Building an AI Agent for Supply Chain Optimization with NVIDIA NIM and cuOpt

Enterprises face significant challenges in making supply chain decisions that maximize profits while adapting quickly to dynamic changes. Optimal supply chain operations rely on advanced analytics and real-time data processing to adapt to rapidly changing conditions and make informed decisions.

Optimization is everywhere.
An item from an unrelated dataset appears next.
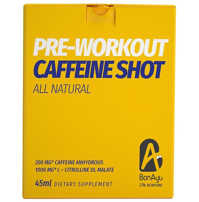 BonAyu Pre Workout Caffeine Shot (50ml Each) Sugar Free BonAyu Pre Workout Caffeine Shot (50ml Each) Sugar Free are small caffeine shots especially made for fitness lovers to go the extra mile during their run and performance. The BonAyu Pre-Workout Caffeine Shots are butterscotch flavoured shots with Citrulline D Malate and Vitamin B6 ideal for a boost of energy within seconds.

To meet customer commitments and minimize risks, organizations run thousands of what-if scenarios. 

For instance, retail companies must consider factors such as traffic, weather, and miles driven to optimize routes, and logistics to reduce shipping costs, more than half of which is attributed to last-mile delivery​. 

Similarly, pharmaceutical companies must navigate complex supply chains, regulatory constraints, and high research and development costs, making real-time optimization difficult. 
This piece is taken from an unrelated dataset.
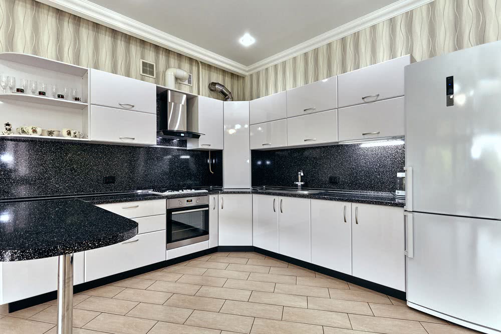 Черная столешница может использоваться, если кухня просторная. Лучше всего, если вся мебель и стены будут полностью белыми. Такой вариант оформления, в совокупности с черной столешницей, смотрится очень элегантно и стильно.

Financial institutions must balance risk and return in volatile markets, necessitating sophisticated mathematical models (PDF) for decision-making.
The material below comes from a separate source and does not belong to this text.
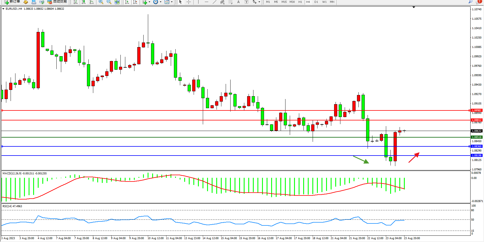 交易策略:1.08518上方看涨,目标1.08812  1.08982

The agriculture sector deals with unpredictable factors, such as weather and market demand, complicating cost and profit optimization. 

In this post, we demonstrate how linear programming and LLMs, with the NVIDIA cuOpt microservice for optimization AI, can help you overcome optimization challenges to push the boundaries of optimization with an unprecedented solution.

Linear programming

With NVIDIA cuOpt and NVIDIA NIM inference microservices, you can harness the power of AI agents to improve optimization, with supply chain efficiency being one of the most compelling and popular domains for such applications. In addition to the well-known vehicle routing problem (VRP), cuOpt can optimize for linearly constrained problems on the GPU, expanding the set of problems that cuOpt can solve in near-real time.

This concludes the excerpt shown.